Collected data entries:
-------------------------

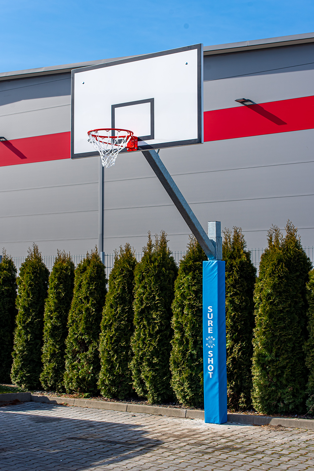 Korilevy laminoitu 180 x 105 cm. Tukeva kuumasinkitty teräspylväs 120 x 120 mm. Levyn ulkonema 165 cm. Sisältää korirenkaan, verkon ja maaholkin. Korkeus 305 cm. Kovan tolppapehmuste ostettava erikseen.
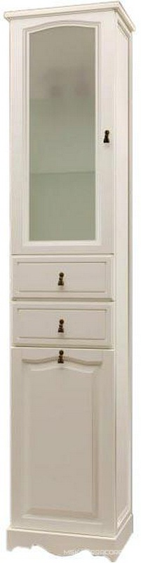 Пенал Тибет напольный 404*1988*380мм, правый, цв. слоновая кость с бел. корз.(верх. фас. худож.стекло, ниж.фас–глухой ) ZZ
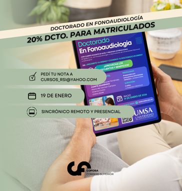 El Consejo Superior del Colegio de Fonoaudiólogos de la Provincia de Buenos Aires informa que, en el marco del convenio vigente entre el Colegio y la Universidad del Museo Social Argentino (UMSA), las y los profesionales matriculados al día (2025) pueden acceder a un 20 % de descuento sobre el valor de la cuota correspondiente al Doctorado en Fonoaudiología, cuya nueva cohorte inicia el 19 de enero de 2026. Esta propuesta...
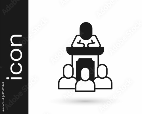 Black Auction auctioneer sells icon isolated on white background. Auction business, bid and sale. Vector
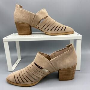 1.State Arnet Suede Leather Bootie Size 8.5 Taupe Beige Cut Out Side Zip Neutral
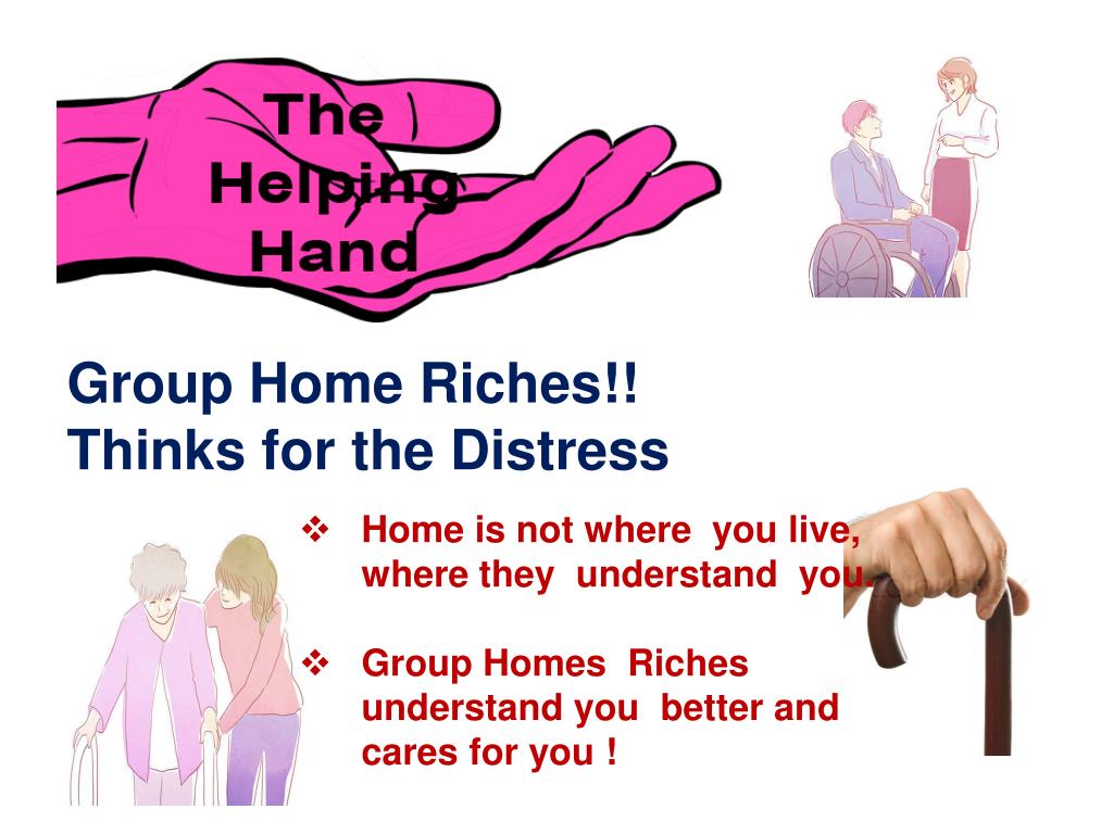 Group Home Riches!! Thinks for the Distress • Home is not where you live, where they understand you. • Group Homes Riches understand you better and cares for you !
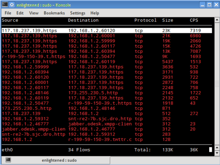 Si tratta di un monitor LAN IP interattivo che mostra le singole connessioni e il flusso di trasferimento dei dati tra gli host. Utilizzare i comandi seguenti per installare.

-------------------------

* Required action:
No pictures belong in the output. It should reproduce exactly the lines from the one containing "1.State Arnet Suede" through the end of the data, both ends included.

* Result below:
 1.State Arnet Suede Leather Bootie Size 8.5 Taupe Beige Cut Out Side Zip Neutral
 Group Home Riches!! Thinks for the Distress • Home is not where you live, where they understand you. • Group Homes Riches understand you better and cares for you !
 Si tratta di un monitor LAN IP interattivo che mostra le singole connessioni e il flusso di trasferimento dei dati tra gli host. Utilizzare i comandi seguenti per installare.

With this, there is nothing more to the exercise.